Problem:
Output the listing verbatim, leaving out every picture.

Provided information:
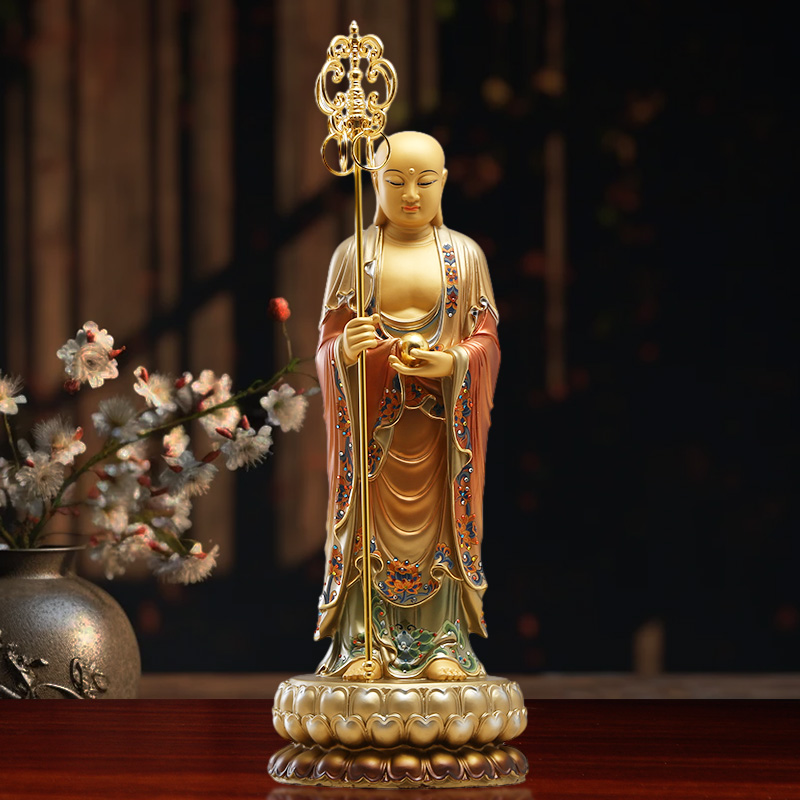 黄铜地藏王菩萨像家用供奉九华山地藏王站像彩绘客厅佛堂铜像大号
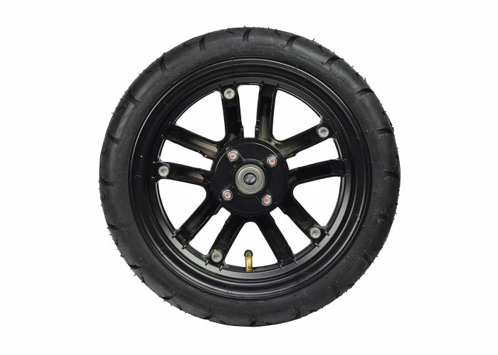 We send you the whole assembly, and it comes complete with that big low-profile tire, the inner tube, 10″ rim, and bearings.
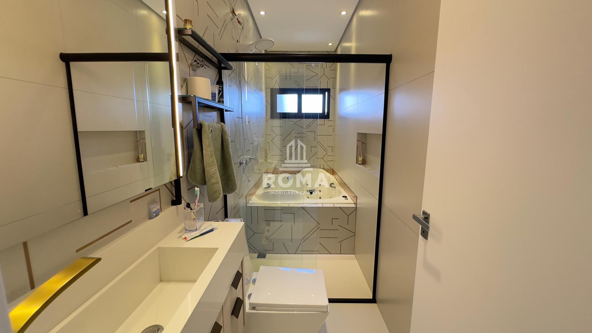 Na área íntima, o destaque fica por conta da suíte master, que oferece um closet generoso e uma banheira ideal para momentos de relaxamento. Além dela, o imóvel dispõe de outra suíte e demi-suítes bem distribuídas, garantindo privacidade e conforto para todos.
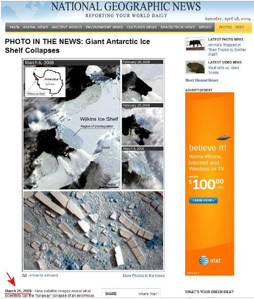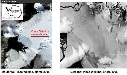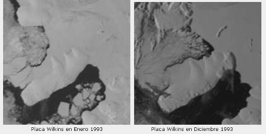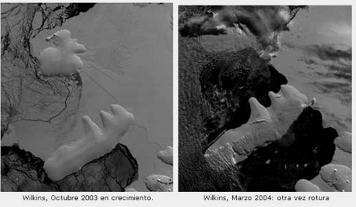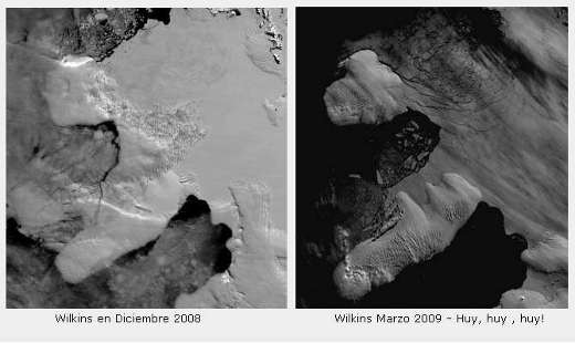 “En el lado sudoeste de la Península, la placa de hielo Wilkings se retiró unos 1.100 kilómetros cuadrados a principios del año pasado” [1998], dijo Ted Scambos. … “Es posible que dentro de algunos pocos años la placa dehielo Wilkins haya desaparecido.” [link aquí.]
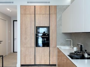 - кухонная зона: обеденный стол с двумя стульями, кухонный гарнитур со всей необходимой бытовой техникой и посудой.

Result of the task:
 黄铜地藏王菩萨像家用供奉九华山地藏王站像彩绘客厅佛堂铜像大号
 We send you the whole assembly, and it comes complete with that big low-profile tire, the inner tube, 10″ rim, and bearings.
 Na área íntima, o destaque fica por conta da suíte master, que oferece um closet generoso e uma banheira ideal para momentos de relaxamento. Além dela, o imóvel dispõe de outra suíte e demi-suítes bem distribuídas, garantindo privacidade e conforto para todos.
 “En el lado sudoeste de la Península, la placa de hielo Wilkings se retiró unos 1.100 kilómetros cuadrados a principios del año pasado” [1998], dijo Ted Scambos. … “Es posible que dentro de algunos pocos años la placa dehielo Wilkins haya desaparecido.” [link aquí.]
 - кухонная зона: обеденный стол с двумя стульями, кухонный гарнитур со всей необходимой бытовой техникой и посудой.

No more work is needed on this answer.